SAN FRANCISCO — More than a year after a proposed flagship mission to Europa was scrapped due to its budget-busting $4.5 billion price tag, a clipper ship that would make 32 passes by the icy Jupiter moon to assess its suitability for life has emerged as scientists’ top choice for a pared-down expedition.

An in-depth study of Europa, which is believed to harbor an underground ocean, ranked just behind returning samples from Mars in the National Academy of Sciences’ priority list for major planetary science initiatives between 2013 and 2022. A study team at NASA’s Jet Propulsion Laboratory (JPL) in Pasadena, Calif., has been working since the so-called decadal survey’s release in March 2011 to design a Europa mission for $2 billion.

For now, NASA has no money and no authorization for starting new planetary science programs, though it has announced plans for a second Mars Science Laboratory-class rover, slated for launch in 2020, as part of its ongoing Mars exploration initiative.

“That’s very important,” John Grunsfeld, NASA associate administrator for science, said at a standing room-only town hall meeting at the American Geophysical Union conference here Dec. 4.

“This is not a new program. This is a continuation of our Mars exploration program and so we’re going to get started on it right away,” Grunsfeld said, adding that the mission fit within the five-year budget plan NASA submitted for the U.S. government’s 2013 fiscal year that began Oct. 1.

“To do a Europa mission requires a new start, and that’s something to work on over the next few years,” Grunsfeld said.

The Aerospace Corp., a Los Angeles-based federally funded research and development center, estimated a rover built with spare Mars Science Laboratory hardware and existing systems engineering and employees would cost about $1.5 billion, he said.

Unlike Curiosity, which landed on Mars on Aug. 6 to look for habitats that could have supported and preserved microbial life, the new rover may include a cache to store rock and soil samples for an eventual return to Earth.

The new Mars rover “may very well … be the tide that rises all ships,” David Senske, co-chairman of the JPL Europa mission study team, told SpaceNews. “They needed to make a decision, they made a decision and now we can focus on this.”

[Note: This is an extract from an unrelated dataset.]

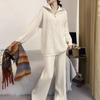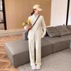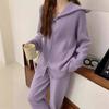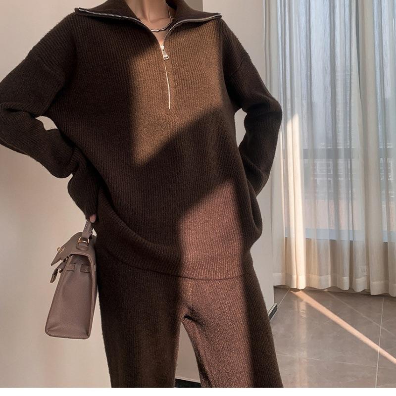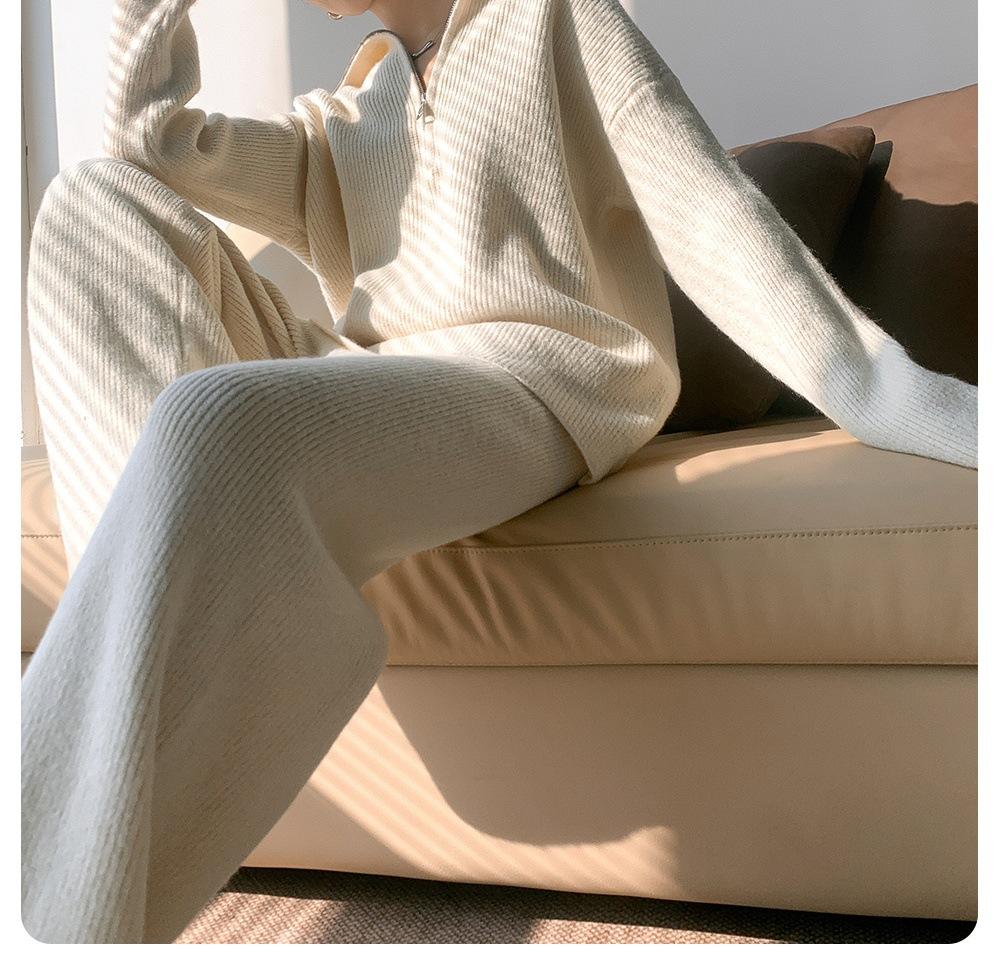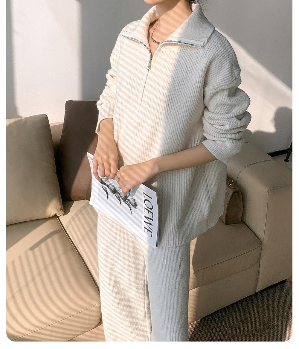 Traje de suéter pulóver con cremallera de cuello alto para mujer, otoño e invierno 2024, versión coreana de pantalones de punto holgados de color sólido de pierna ancha, conjunto de dos piezas

Although NASA currently is funded under a continuing resolution based on last year’s budget, 2013 appropriation bills proposed by both the House and Senate contain funds for work on a Europa mission, Senske said.

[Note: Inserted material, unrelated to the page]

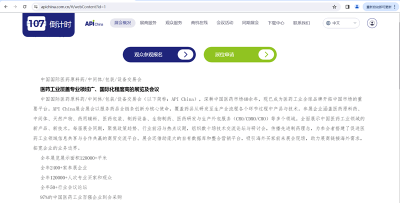 中国国际医药原料药/中间体/包装/设备交易会(以下简称:API China),深耕中国医药市场40余年,现已成为医药工业全球品牌开拓中国市场的重要平台。API China展会展会以服务药品全链条创新为核心使命,覆盖药品从研发至生产全流程各个环节过程中产品与技术。参展企业涵盖医药原料药、中间体、天然产物、药用辅料、医药包装、制药设备、生物制药、医药研发与生产外包服务(CRO/CDMO/CMO)等多个领域。全面展示中国医药工业领域的新产品、新技术。每届展会同期,聚焦政策趋势、行业前沿与热点议题,组织数十场技术交流论坛与研讨会,传播先进制药理念,为参会者搭建了促进医药工业领域信息共享与合作共赢的商贸交流平台。展会还借助庞大的自有数据库和整合营销平台,吸引海外买家前来展会现场,助力展商链接海外需求,拓宽企业的业务边界。

“The bills never got to conference, but both have Europa money in them. What the total dollar amount will be, I don’t know. But once we get over the fiscal cliff issues and into the next calendar year, much more discussion on this will be forthcoming, I believe,” Senske said.

Meanwhile, NASA is continuing with Europa mission studies and with developing technologies for instruments useful for any missions to the outer planets’ icy moons, Grunsfeld said.

The JPL study team, which presented its findings to NASA managers the week of Dec. 9, determined that by swapping pricy radioisotope power generators for a solar-powered system, engineers could add a high-resolution camera and other instruments to their top-ranked enhanced Europa Clipper mission, a 2.3-year, $2 billion mission featuring 32 flybys of the moon.

The probe’s travel time would depend on the launch vehicle used. A United Launch Alliance Atlas 5 rocket would need to send it on a Venus gravity-assist trajectory that would take six years to reach Jupiter’s orbit. NASA’s initial Space Launch System heavy-lift rocket, which is being designed to lift 70 metric tons, could send Europa Clipper on a more direct 2.8-year route with mass to spare.

The probe would be outfitted with ice-penetrating radar, which could spot pockets of water close to the crust; an infrared spectrometer to look for different types of terrain; a magnetometer to study the ocean’s thickness and salinity; a dedicated antenna for Doppler measurements of gravity fields and tides; and a topographical imager to map surface features.

The team also looked at two versions of an orbiter, which would do a more thorough job of assessing Europa’s ocean while circling the moon for about a month but would not address other science goals. In place of additional instruments, an orbiter would require much more shielding from radiation than the clipper ship, which would spend far less time overall in the harshest radiation regimes.

“Our conclusion was that if NASA wants to give us the $2 billion and wants an enhanced version of the mission, the clipper is the way to go,” Senske said.

The next step is a preliminary concept review, slated for April.

“After that, there would need to be additional funds to go forward,” Senske said.

In the meantime, the Juno probe NASA launched in August 2011 is en route to Jupiter and is expected to enter orbit around the gas giant in 2016. Thirty-three orbits are planned for the solar-powered spacecraft before it is deliberately crashed into Jupiter in October 2017.